We recently started the shower stall. The framing is in and the plumbing is installed.
Next up is the shower floor. Building a custom shower stall is a long and tedious process with many steps. Twenty six steps, actually, according to the Home Depot Plumbing book, with many broad, sweeping steps like "prepare the floor" or "tile the walls". Fully half of them are about water impermeability; redundant moisture barriers to keep the water in the shower.
The first step of the shower floor is to get the drain installed. Check.
Next you need to mark the shower stall for level. You want the floor to slope up as you move away from the drain so that water is funneled into the drain. Makes sense. It makes sense as long as you have a relatively level floor to begin with. The floor in the cottage bathroom happens to slope 2" over 4 ft. *face palm*
This is me marking "level" around the shower base; the point at which the shower floor is level with the drain. Please note: this was impossible on the left hand side because the wall was already above level on that side.
Once you mark level around the shower, you go around again and mark the finished height of the mortar bed; this will be raised 1/4" from level for every 1 ft you travel from the drain. For my 4-ft.-wide shower with the drain in the centre, we travel 2 ft. from the drain to the wall, so I added half an inch. Now that I think about it, I only needed to add 3/8ths of an inch on the front-to-back slope, but I think I marked it for 1/2 an inch all around. I hope the shower-base police aren't reading this! That 1/8th of an inch will make a huge difference. Not.

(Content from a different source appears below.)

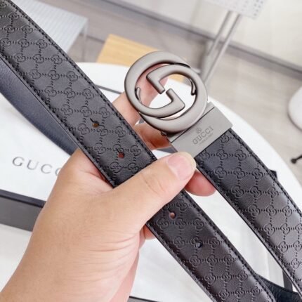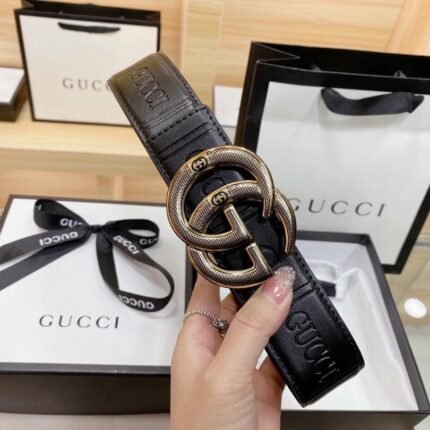 Gucci double G texture buckle black texture belt, simple and elegant, elegant and luxurious

So, once level is marked and you've added another mark for the finished height of the mortar bed, it's time to start making snow balls. Mortar balls. When you mix up your Sand Mix concrete (Sacrete Sand Mix), at this stage it's called a dry pack. There should only be enough moisture in the concrete to enable you to form balls of concrete in your hands - like a snowball. Pack-y, but not wet. Make sense?
Dump the dry pack into the shower base and commence screeding.
The captain's new favourite word: Screed. That and slake. Screed and Slake. Slake and Screed.
We needed to add one-and-a-half inches of concrete on the right-hand side just to bring the floor height up to the right level.
We had not factored this into our Sand Mix calculations, and we ran out on the left-hand side of the shower. Dangit. Please thank the captain for this charming picture of my butt. Thanks.
Fortunately this is the side of the shower that's already above level, so the overall grade still slopes down to the drain. We had hoped to put a 1/4" token layer of dry pack here, but there just wasn't enough. As best as I could, I tapered the dry pack off to nothing. It's pretty coarse stuff, though so it wasn't without a bit of a lip. *bites knuckle* I'm hoping I can bodge the rest at the next level.
Why, why, why isn't there a Despot on the island?